What the task asks: Write each entry again exactly as shown, but without the images it holds.
=======
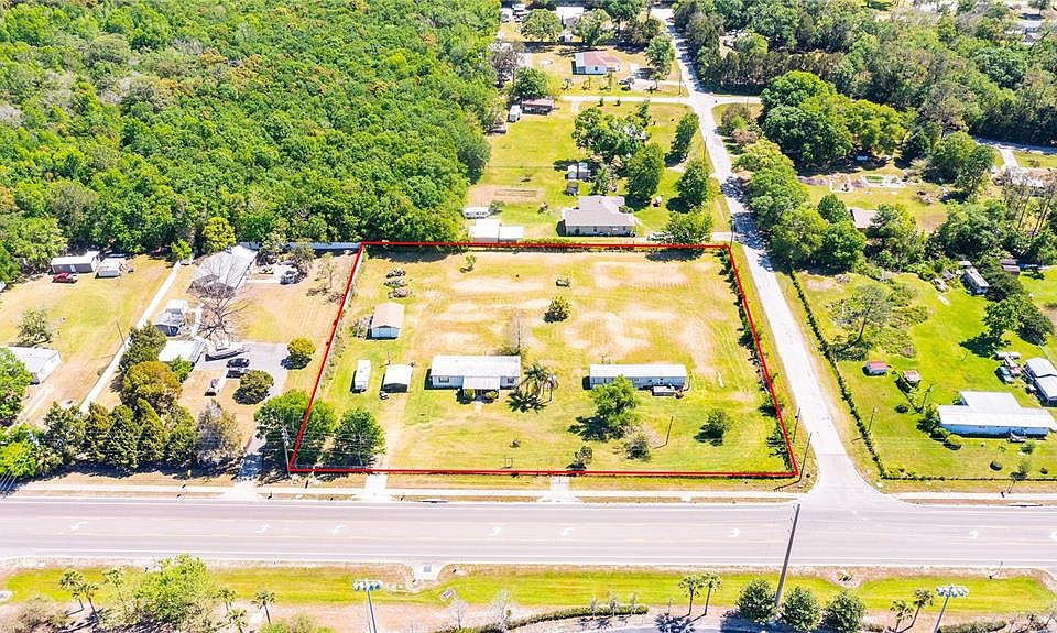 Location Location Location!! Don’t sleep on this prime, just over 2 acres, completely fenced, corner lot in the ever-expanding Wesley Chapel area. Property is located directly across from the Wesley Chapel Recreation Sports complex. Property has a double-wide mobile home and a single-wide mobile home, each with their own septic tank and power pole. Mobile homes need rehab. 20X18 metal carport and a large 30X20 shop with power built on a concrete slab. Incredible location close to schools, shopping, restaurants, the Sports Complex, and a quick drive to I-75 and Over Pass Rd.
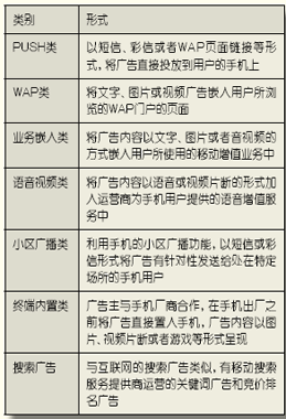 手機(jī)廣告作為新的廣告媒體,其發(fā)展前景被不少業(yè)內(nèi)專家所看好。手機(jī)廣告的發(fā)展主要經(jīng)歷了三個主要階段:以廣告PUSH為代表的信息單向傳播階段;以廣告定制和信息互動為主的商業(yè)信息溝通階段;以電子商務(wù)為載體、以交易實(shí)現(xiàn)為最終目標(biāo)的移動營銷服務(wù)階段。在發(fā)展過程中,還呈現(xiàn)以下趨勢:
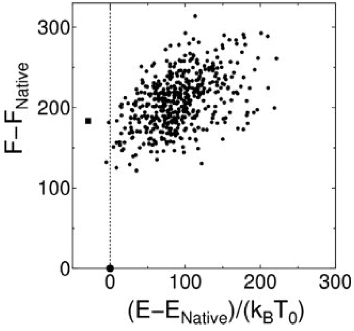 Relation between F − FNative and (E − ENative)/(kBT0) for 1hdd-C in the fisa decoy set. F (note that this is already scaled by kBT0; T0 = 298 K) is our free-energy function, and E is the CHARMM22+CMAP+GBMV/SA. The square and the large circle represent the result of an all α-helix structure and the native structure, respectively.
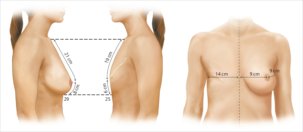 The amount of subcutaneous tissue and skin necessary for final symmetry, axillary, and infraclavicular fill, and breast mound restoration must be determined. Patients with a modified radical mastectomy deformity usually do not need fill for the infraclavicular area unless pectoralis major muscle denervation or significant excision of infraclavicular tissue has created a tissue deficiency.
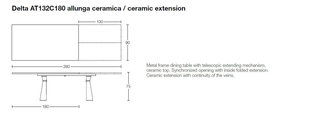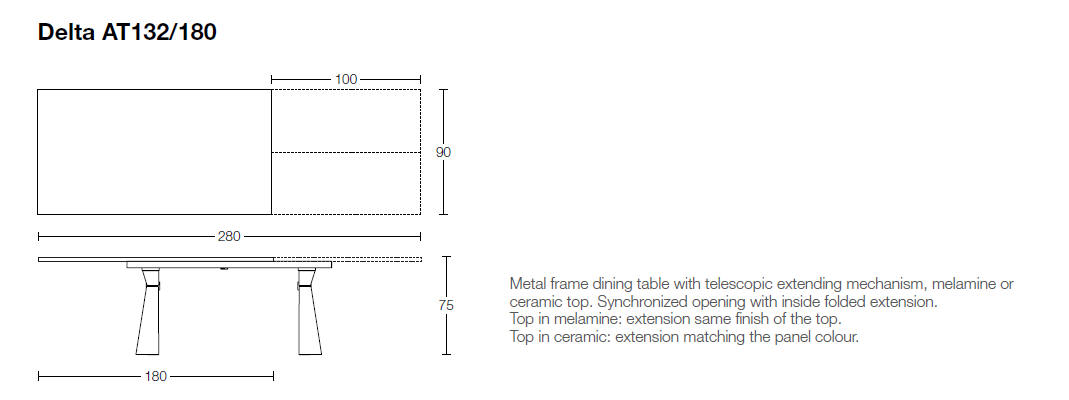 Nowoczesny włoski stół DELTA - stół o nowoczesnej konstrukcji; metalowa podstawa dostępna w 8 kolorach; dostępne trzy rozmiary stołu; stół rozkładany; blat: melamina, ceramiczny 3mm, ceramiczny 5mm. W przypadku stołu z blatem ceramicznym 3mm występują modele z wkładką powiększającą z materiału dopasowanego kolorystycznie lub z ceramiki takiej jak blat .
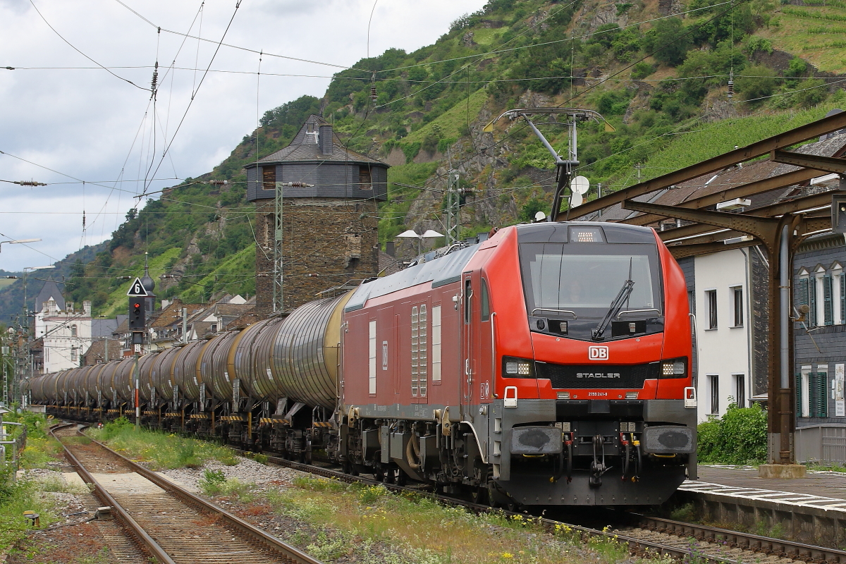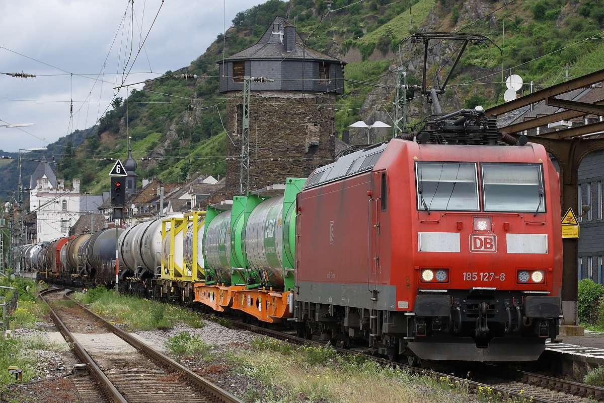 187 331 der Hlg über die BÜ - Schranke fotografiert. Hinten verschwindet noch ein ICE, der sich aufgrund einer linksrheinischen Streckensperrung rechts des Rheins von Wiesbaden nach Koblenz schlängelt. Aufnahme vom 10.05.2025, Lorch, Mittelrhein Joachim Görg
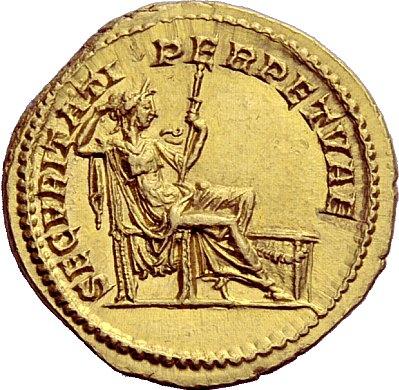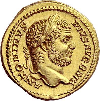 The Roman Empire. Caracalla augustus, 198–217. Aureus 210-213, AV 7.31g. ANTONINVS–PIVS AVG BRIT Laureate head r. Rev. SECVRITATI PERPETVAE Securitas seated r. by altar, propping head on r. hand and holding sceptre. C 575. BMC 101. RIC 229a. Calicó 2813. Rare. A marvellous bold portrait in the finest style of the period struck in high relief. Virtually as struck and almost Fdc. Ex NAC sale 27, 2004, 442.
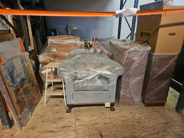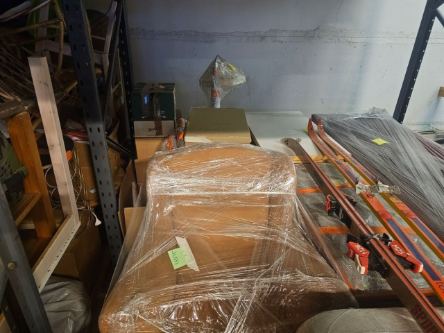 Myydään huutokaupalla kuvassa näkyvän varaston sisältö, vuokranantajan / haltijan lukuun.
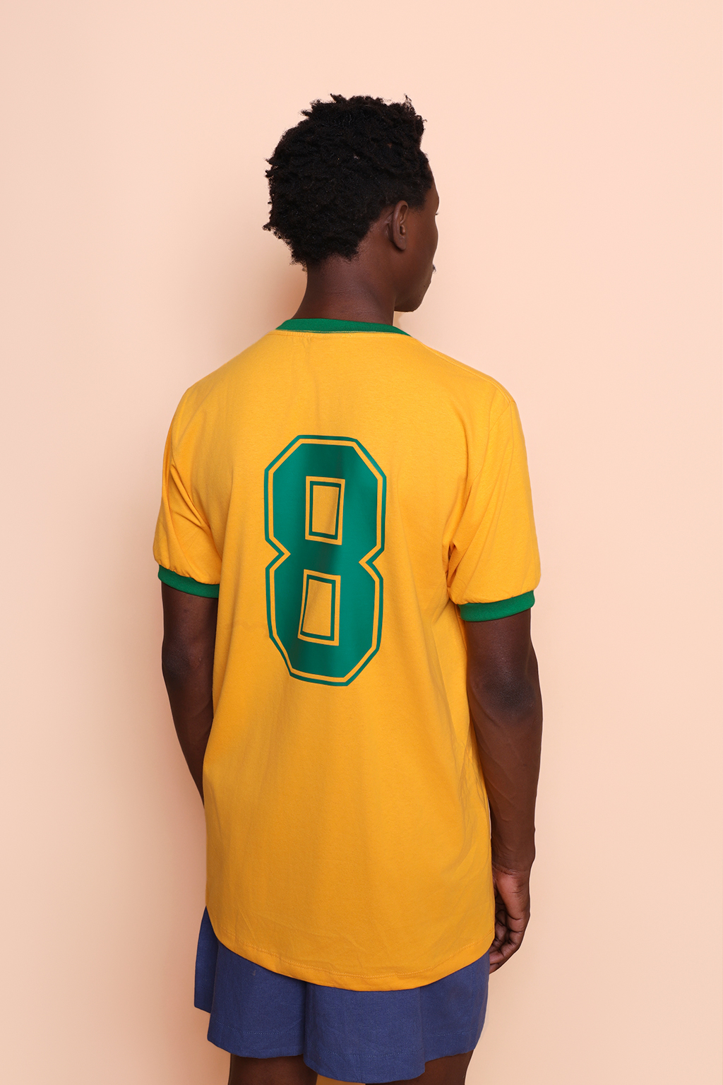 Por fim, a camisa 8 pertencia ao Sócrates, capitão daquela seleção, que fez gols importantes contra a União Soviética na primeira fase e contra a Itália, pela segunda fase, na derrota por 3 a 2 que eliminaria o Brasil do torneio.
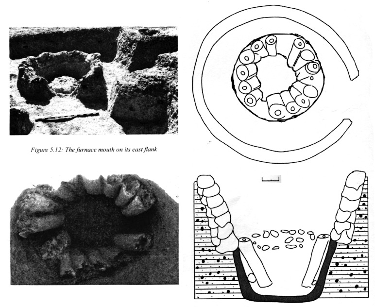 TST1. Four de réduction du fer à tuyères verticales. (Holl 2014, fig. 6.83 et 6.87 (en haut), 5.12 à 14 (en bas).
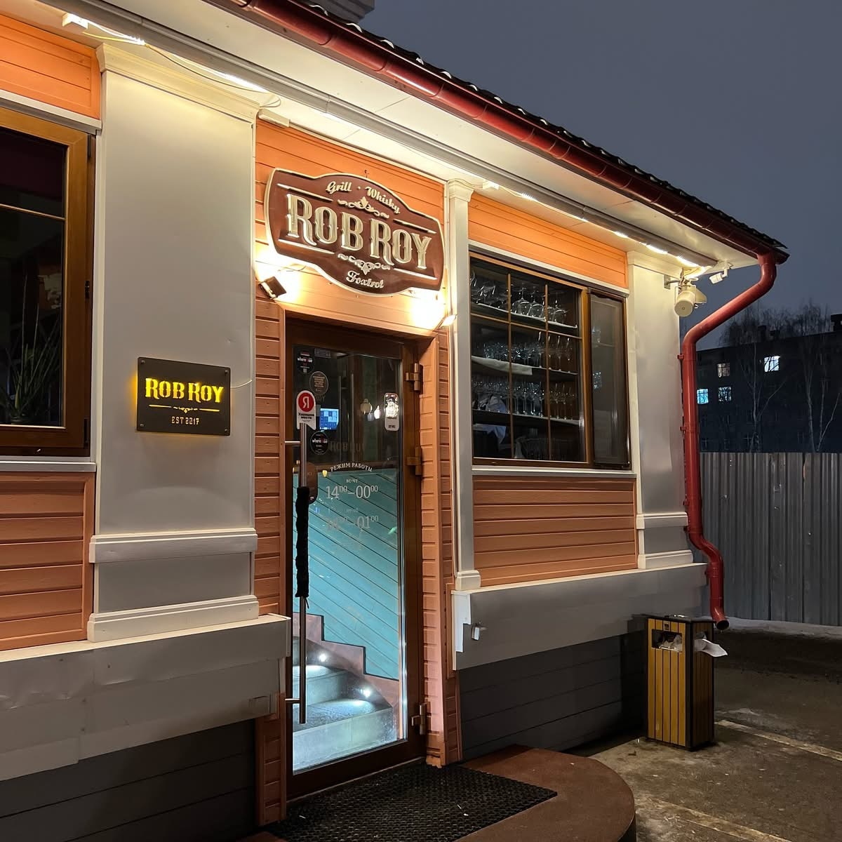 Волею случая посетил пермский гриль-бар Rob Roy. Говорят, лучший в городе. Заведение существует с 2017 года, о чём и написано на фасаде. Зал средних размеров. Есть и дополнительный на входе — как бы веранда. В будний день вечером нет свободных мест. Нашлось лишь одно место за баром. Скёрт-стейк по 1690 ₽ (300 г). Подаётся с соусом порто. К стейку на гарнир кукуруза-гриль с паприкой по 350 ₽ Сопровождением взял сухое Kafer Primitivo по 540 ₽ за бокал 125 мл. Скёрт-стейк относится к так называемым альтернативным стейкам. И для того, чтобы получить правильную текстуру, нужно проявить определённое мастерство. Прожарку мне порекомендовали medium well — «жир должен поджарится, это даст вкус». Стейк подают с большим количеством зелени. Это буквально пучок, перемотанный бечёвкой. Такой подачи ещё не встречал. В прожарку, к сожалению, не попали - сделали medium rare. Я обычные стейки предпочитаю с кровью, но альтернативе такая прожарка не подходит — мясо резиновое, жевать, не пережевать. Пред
=======
Expected output:
 Location Location Location!! Don’t sleep on this prime, just over 2 acres, completely fenced, corner lot in the ever-expanding Wesley Chapel area. Property is located directly across from the Wesley Chapel Recreation Sports complex. Property has a double-wide mobile home and a single-wide mobile home, each with their own septic tank and power pole. Mobile homes need rehab. 20X18 metal carport and a large 30X20 shop with power built on a concrete slab. Incredible location close to schools, shopping, restaurants, the Sports Complex, and a quick drive to I-75 and Over Pass Rd.
 手機(jī)廣告作為新的廣告媒體,其發(fā)展前景被不少業(yè)內(nèi)專家所看好。手機(jī)廣告的發(fā)展主要經(jīng)歷了三個主要階段:以廣告PUSH為代表的信息單向傳播階段;以廣告定制和信息互動為主的商業(yè)信息溝通階段;以電子商務(wù)為載體、以交易實(shí)現(xiàn)為最終目標(biāo)的移動營銷服務(wù)階段。在發(fā)展過程中,還呈現(xiàn)以下趨勢:
 Relation between F − FNative and (E − ENative)/(kBT0) for 1hdd-C in the fisa decoy set. F (note that this is already scaled by kBT0; T0 = 298 K) is our free-energy function, and E is the CHARMM22+CMAP+GBMV/SA. The square and the large circle represent the result of an all α-helix structure and the native structure, respectively.
 The amount of subcutaneous tissue and skin necessary for final symmetry, axillary, and infraclavicular fill, and breast mound restoration must be determined. Patients with a modified radical mastectomy deformity usually do not need fill for the infraclavicular area unless pectoralis major muscle denervation or significant excision of infraclavicular tissue has created a tissue deficiency.
 Nowoczesny włoski stół DELTA - stół o nowoczesnej konstrukcji; metalowa podstawa dostępna w 8 kolorach; dostępne trzy rozmiary stołu; stół rozkładany; blat: melamina, ceramiczny 3mm, ceramiczny 5mm. W przypadku stołu z blatem ceramicznym 3mm występują modele z wkładką powiększającą z materiału dopasowanego kolorystycznie lub z ceramiki takiej jak blat .
 187 331 der Hlg über die BÜ - Schranke fotografiert. Hinten verschwindet noch ein ICE, der sich aufgrund einer linksrheinischen Streckensperrung rechts des Rheins von Wiesbaden nach Koblenz schlängelt. Aufnahme vom 10.05.2025, Lorch, Mittelrhein Joachim Görg
 The Roman Empire. Caracalla augustus, 198–217. Aureus 210-213, AV 7.31g. ANTONINVS–PIVS AVG BRIT Laureate head r. Rev. SECVRITATI PERPETVAE Securitas seated r. by altar, propping head on r. hand and holding sceptre. C 575. BMC 101. RIC 229a. Calicó 2813. Rare. A marvellous bold portrait in the finest style of the period struck in high relief. Virtually as struck and almost Fdc. Ex NAC sale 27, 2004, 442.
 Myydään huutokaupalla kuvassa näkyvän varaston sisältö, vuokranantajan / haltijan lukuun.
 Por fim, a camisa 8 pertencia ao Sócrates, capitão daquela seleção, que fez gols importantes contra a União Soviética na primeira fase e contra a Itália, pela segunda fase, na derrota por 3 a 2 que eliminaria o Brasil do torneio.
 TST1. Four de réduction du fer à tuyères verticales. (Holl 2014, fig. 6.83 et 6.87 (en haut), 5.12 à 14 (en bas).
 Волею случая посетил пермский гриль-бар Rob Roy. Говорят, лучший в городе. Заведение существует с 2017 года, о чём и написано на фасаде. Зал средних размеров. Есть и дополнительный на входе — как бы веранда. В будний день вечером нет свободных мест. Нашлось лишь одно место за баром. Скёрт-стейк по 1690 ₽ (300 г). Подаётся с соусом порто. К стейку на гарнир кукуруза-гриль с паприкой по 350 ₽ Сопровождением взял сухое Kafer Primitivo по 540 ₽ за бокал 125 мл. Скёрт-стейк относится к так называемым альтернативным стейкам. И для того, чтобы получить правильную текстуру, нужно проявить определённое мастерство. Прожарку мне порекомендовали medium well — «жир должен поджарится, это даст вкус». Стейк подают с большим количеством зелени. Это буквально пучок, перемотанный бечёвкой. Такой подачи ещё не встречал. В прожарку, к сожалению, не попали - сделали medium rare. Я обычные стейки предпочитаю с кровью, но альтернативе такая прожарка не подходит — мясо резиновое, жевать, не пережевать. Пред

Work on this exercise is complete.